Après avoir établi la diligence raisonnable de l’épicier comme étant correcte, le juge semble avoir avalé de travers tout ce qui touche au “motif raisonnable” de croire que la personne était majeure, soit le deuxième volet controversé de l’article 14 de la loi sur le tabac.

jean-georges lalibertéL’assurance que démontre l’agent provocateur lors de son achat, son allure générale et sa tenue vestimentaire laissent aisément croire qu’elle est majeure. (…) En examinant une photo déposée en preuve principale prise avant la visite de l’établissement, le Tribunal est aussi à même de confirmer ce constat. Cette personne semble sans doute avoir plus de 16 ans et pourrait, vraisemblablement, être dans la jeune vingtaine”, écrit le juge Jean-Georges Laliberté dans une décision qui fait un grand bien à lire.

Or, c’est non seulement rare de voir l’apparence de l’inspecteur mineur remise en cause par un tribunal, mais ce serait même la première fois que l’expression “agent provocateur” est utilisée par un juge pour une cause de cette nature.

Selon la définition courante, un agent provocateur est un agent sous couverture employé par les autorités afin d’entraîner ou de provoquer une autre personne à commettre un acte illégal!

Le juge reprend en outre cette terminologie lorsqu’il acquitte l’épicerie et ce, en ne ratant pas l’occasion de lancer un message cinglant à l’intention du MSSS:

“Le Tribunal estime que l’utilisation de personnes présentant de telles caractéristiques physiques dans le cadre de poursuites où l’âge des agents provocateurs est un facteur déterminant, sert mal les intérêts de la justice.” – Juge Jean-Georges Laliberté, décision du 6 sept. 2019

Il est permis à tous et chacun de prendre quelques secondes de sa vie pour savourer chacun des mots inscrits dans cette sentence superbe.

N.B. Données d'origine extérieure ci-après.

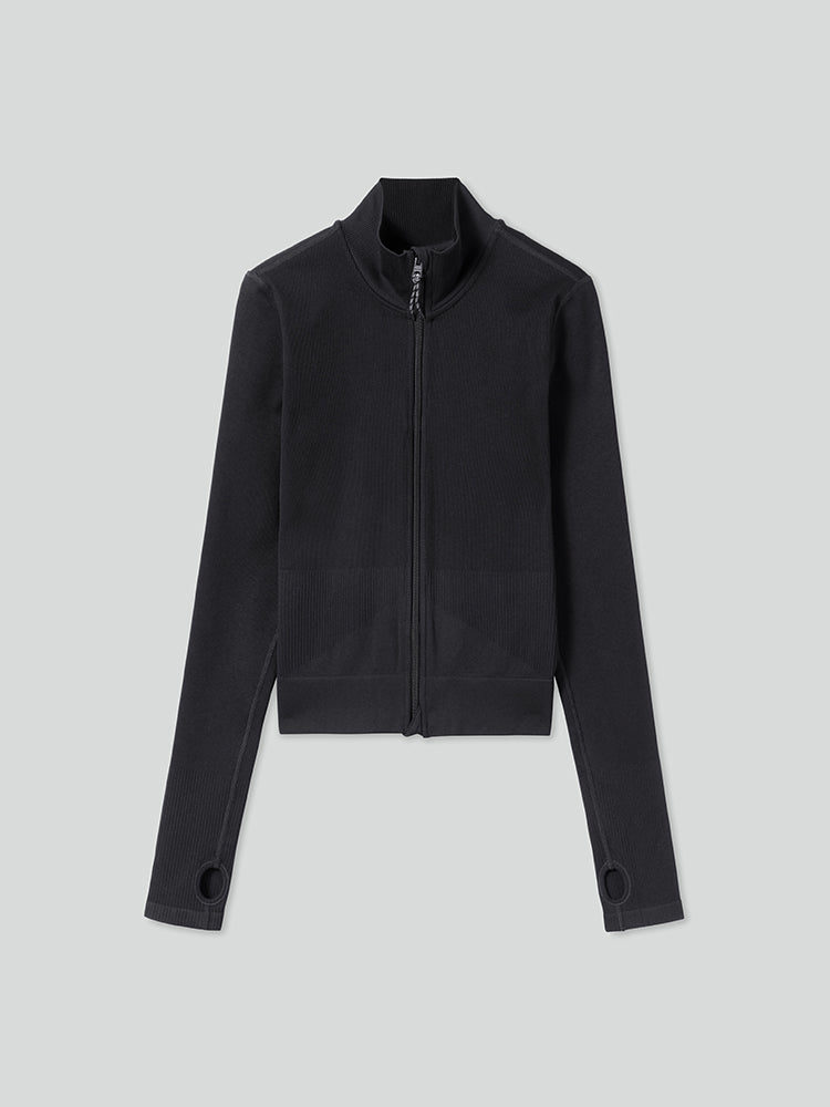 Made from a blend of nylon yarn and elastic fibers, this fabric features a tight-knit outer layer that retains softness. The ribbed texture and rebound properties provide excellent support and a snug fit, creating a slimming effect. The stand collar is crafted from soft knit material, comfortably hugging the neck. The contrasting drawstring zipper adds a fashionable, eye-catching detail. The hem showcases a variety of stitching techniques, enhancing texture and giving the garment a high-quality, refined appearance. The form-fitting long sleeves feature thumbhole cuffs, adding a casual, sporty touch.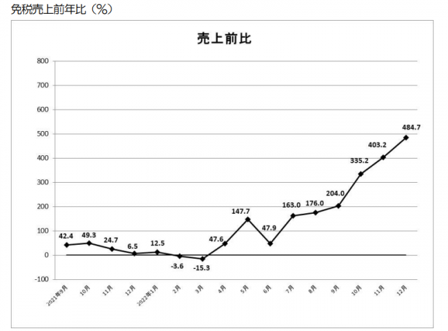 12月の免税総売上高は約214億5000万円で、前年同月比は484.7%増加した。売上高の内訳は、一般物品が約192億9000万円(507.3%増)、消耗品売上高が約21億6000万円(338.9%増)となっている。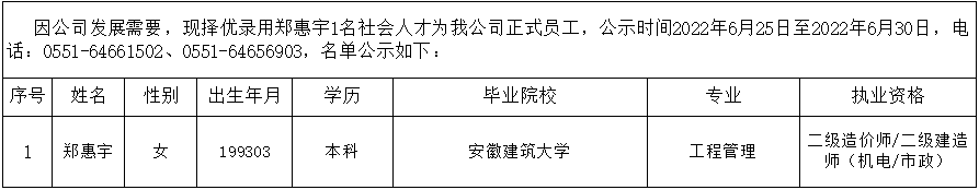 2022年擬錄用社會(huì)人才公示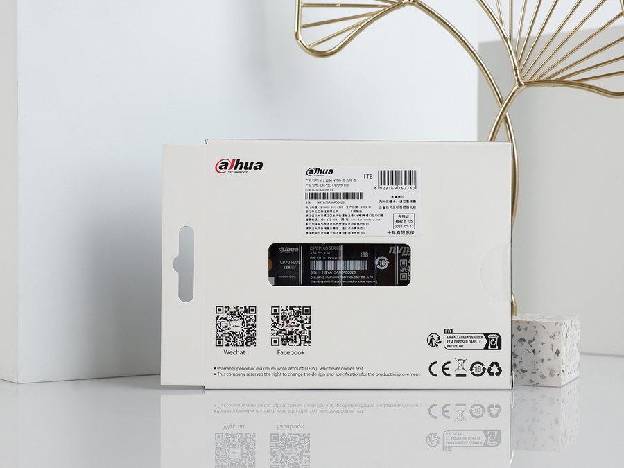 包装盒背面设计了一个小窗口,透过它可以看到里面的SSD本体。此外,包装盒背面标注了一些产品信息。笔者手中这款SSD的出厂日期为2023年1月份,很新。售后方面,大华存储承诺为这款SSD提供十年有限质保,纵观SSD市场,十年有限质保算是时间较长的质保服务了。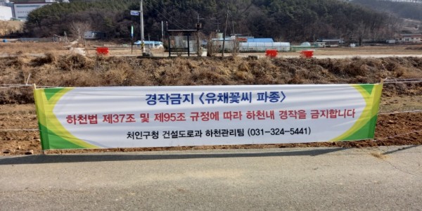 용인시 처인구는 오는 6월까지 관내 하천구역 내 불법경작 행위를 집중 단속키로 했다고 밝혔다. 시민들이 산책로로 이용하는 하천 내 불법경작 등으로 악취・쓰레기 관련 민원이 급증한 데 따른 것이다. 이를 위해 구는 앞선 1월부터 2월초까지 경안천(모현~포곡)과 완장천(납사읍)을 대상으로 일제 조사를 진행해 완장천 일대 불법경작지 20곳을 적발했다. 구는 적발된 완장천 불법경작지에 대해 원상복구 조치한 후 유채꽃…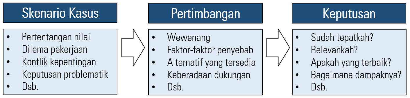 Gambar 1 menunjukkan bahwa dalam sebuah butir memuat skenario kasus yang dapat memiliki beberapa fitur terkait dengan masalah yang dihadapi. Misalnya, pertentangan nilai antara nilai-nilai pribadi yang bertabrakan dengan nilai kejujuran, dilema pekerjaan antara penyelesaian tugas yang sesuai dengan prosedur atau penyelesaian tugas yang kreatif, serta pengambilan keputusan yang bersifat problematik. Semua skenario yang dilibatkan dalam penyusunan butir memerlukan pertimbangan sebelum diputuskan dalam sebuah tindakan yang ditunjukkan dengan memilih opsi jawaban. Pertimbangan tersebut dapat berupa posisi atau wewenang pegawai, pertimbangan mengenai faktor penyebab, nilai-nilai organisasi atau keberadaan dukungan. Semua pertimbangan tersebut kemudian diimplementasikan dalam sebuah keputusan yang telah dipikirkan ketepatannya, relevansinya, serta dampak dari keputusan yang dibuat.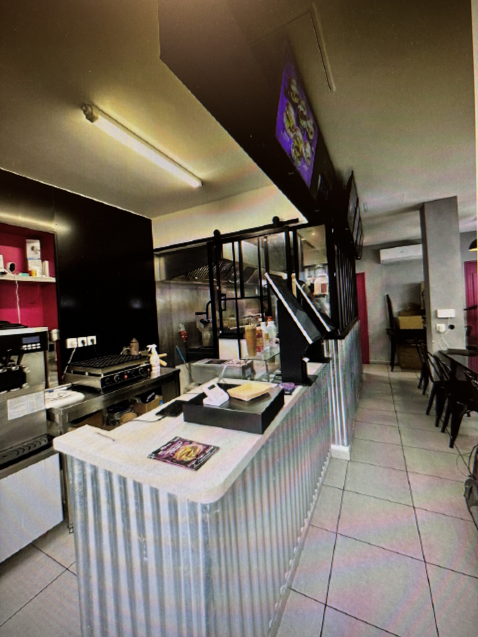 Emplacement équipé d'une hotte professionnelle et d'une gaine à charbon actif.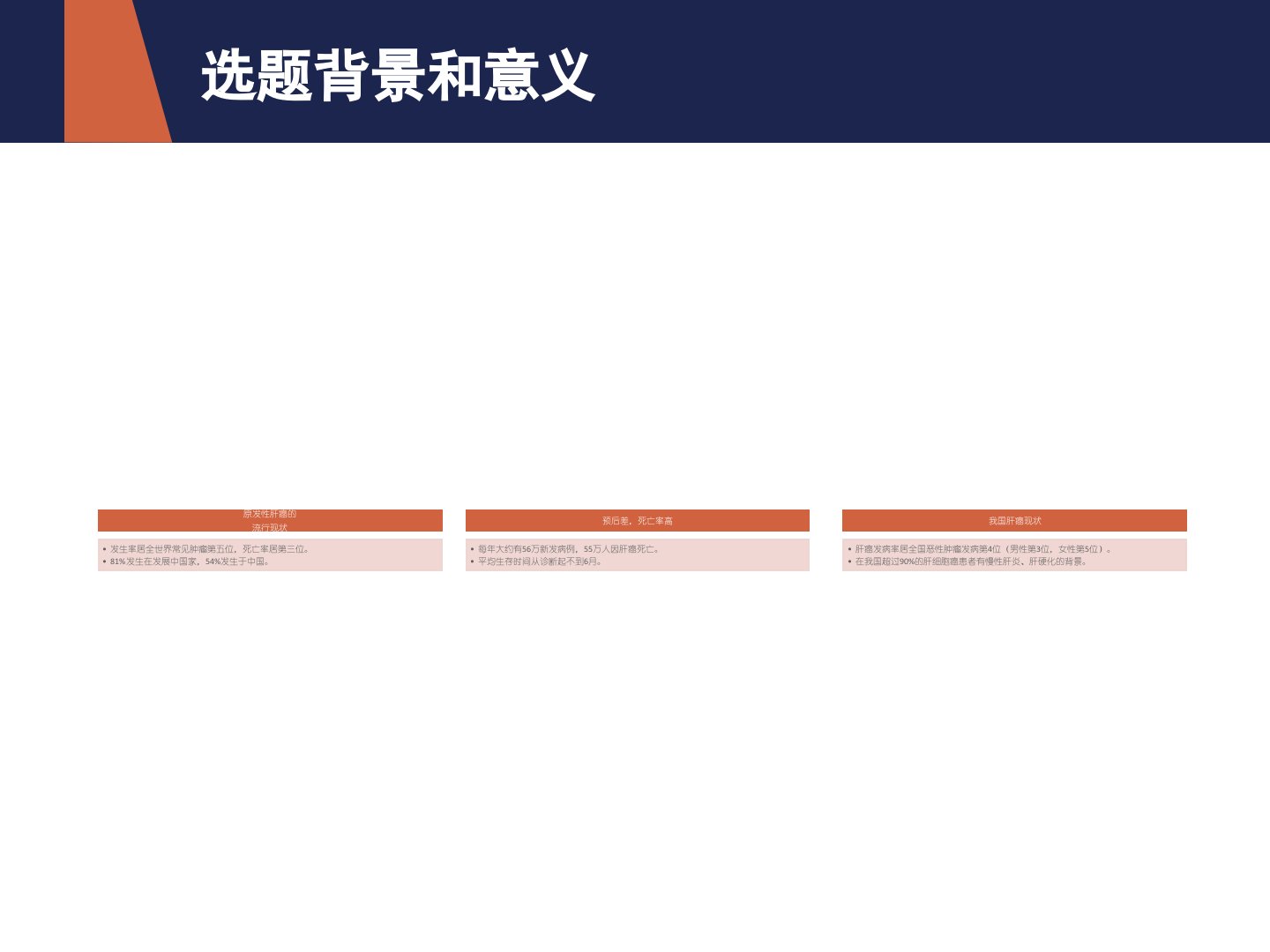 《甘肃地区原发性肝癌筛查及早诊早治模式的创新性研究》课题选题背景源于我国肝癌发病率高且年轻化而早期诊断对治疗决策、医疗资源合理利用及患者生存质量提升至关重要。研究现状显示大部分肝癌患者确诊时已属中晚期缺乏有效治疗手段。目前研究方向之一是在高危人群中定期进行肿瘤标志物及影像学检查以提高早期肝癌诊断率。研究内容主要是对甘肃省乙肝、丙肝患者用AFP检测、腹部彩超进行肝癌筛查发现可疑患者进一步检查以明确诊断并分析高危人群中肝癌发病率及不同分期肝癌的检出情况。该研究具有可行性因肝癌高危人群易确定自然病程长有足够长的可检出的临床前期且现有检测手段灵敏度和特异度相对较高有多种有效治疗方法。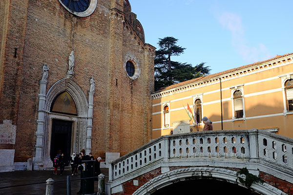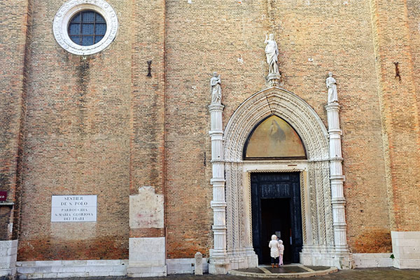 這座「聖方濟會榮耀聖母教堂」The Basilica di Santa Maria Gloriosa dei Frari常被簡稱為Basilica dei Frari(義大利教堂的名字長到連義大利人自己都會怕),是座從小教堂「長大」的教堂。它打從1231年開始就在這個位置有座教堂,然後在往後的2個世紀裡這裡加蓋了禮拜堂,那裡加蓋了鐘塔,拆了這裡蓋了那裡,到了1492年定型成當今模樣的時候教堂已經被改得連大門的位置都被調頭了,成為現在大門面對著一條小運河的格局。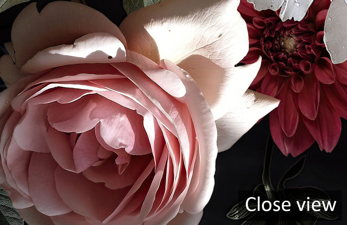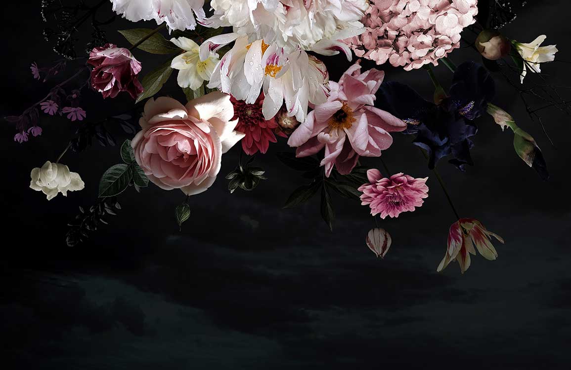 Create an elegant space in your home with our flower wallpaper mural. This beautiful flower bouquet in dark tone will surely add a touch of calm and elegant to your home. It will look amazing in your bedroom, dining room and hallway. This wall mural will also perfectly match your furniture and any other home decorations.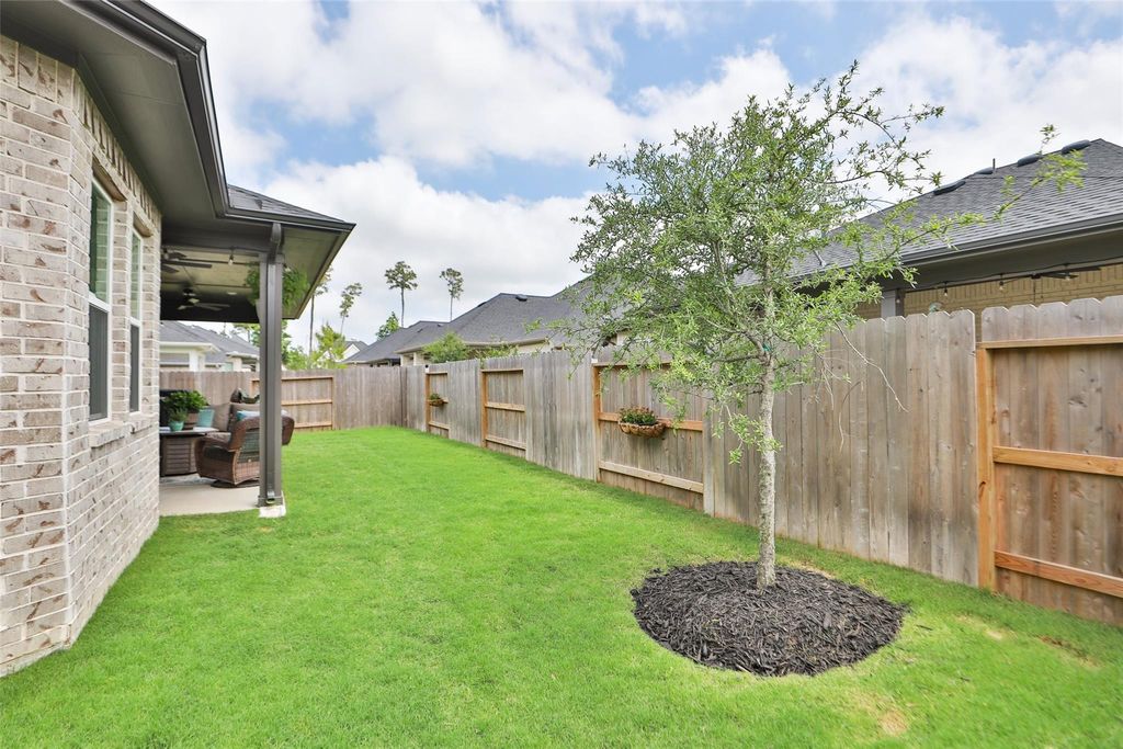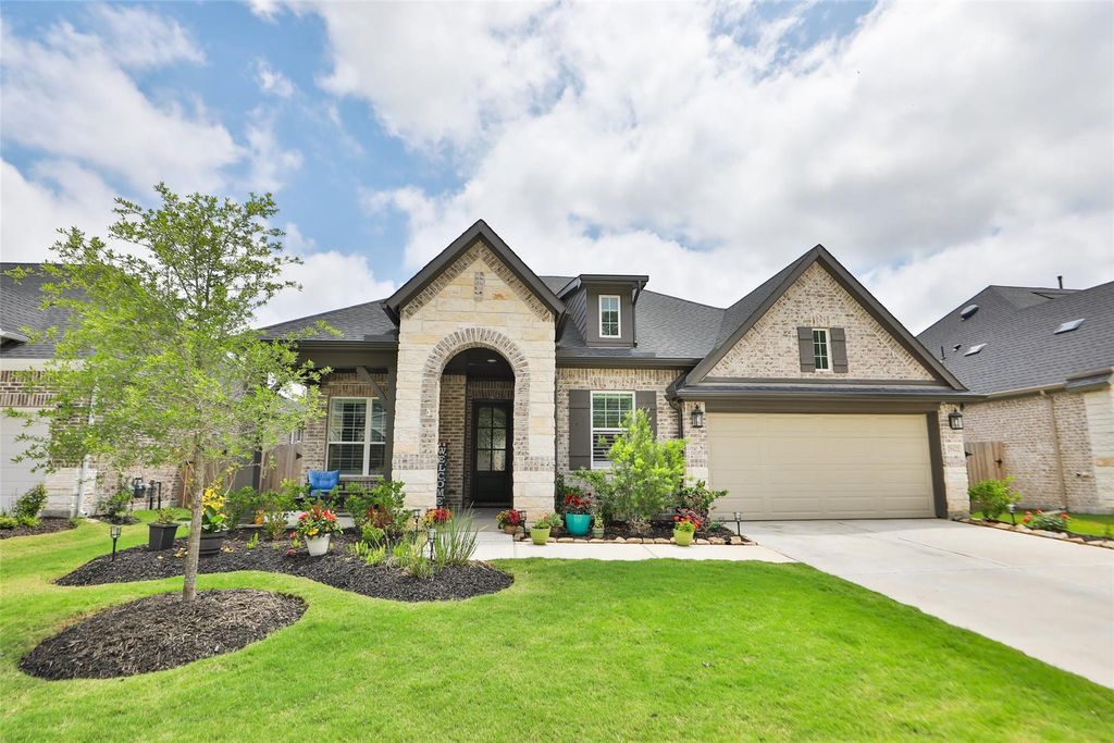 Stunning and barely lived in! Expansive welcoming front porch leads you into this charming 3 bedroom, 2 bath home with a half bath. Light and bright color scheme! High ceilings and large windows with plantation shutters throughout the home! Popular and easy maintenance vinyl plank floors in the main areas of the home. You will love the huge kitchen island for friends and family to gather! Oversized dining! Large living area wired for sound! Don't forget the covered generous sized patio with speakers to entertain here as well! Primary bedroom with bay windows and gorgeous primary bath with walk in shower that offers bench and rain showerhead. Also a massive closet! Study is at the entrance and offers doors for privacy. The oversized laundry room with folding table and spacious guest bedrooms and secondary bath are at the front of the home, separate of the primary bedroom. Garage has 9x20 storage area and with newly installed epoxy coating! Just three minutes to downtown Tomball!

L’utilisation décapante du terme “agent provocateur” par le magistrat reflète possiblement son dédain envers les méthodes retenues par le MSSS mais aussi, nous le pensons, envers ce critère confus et douteux de “motif raisonnable de croire que la personne est majeure” qui est inscrit dans la loi envers et contre toute logique et au détriment des droits les plus fondamentaux des détaillants.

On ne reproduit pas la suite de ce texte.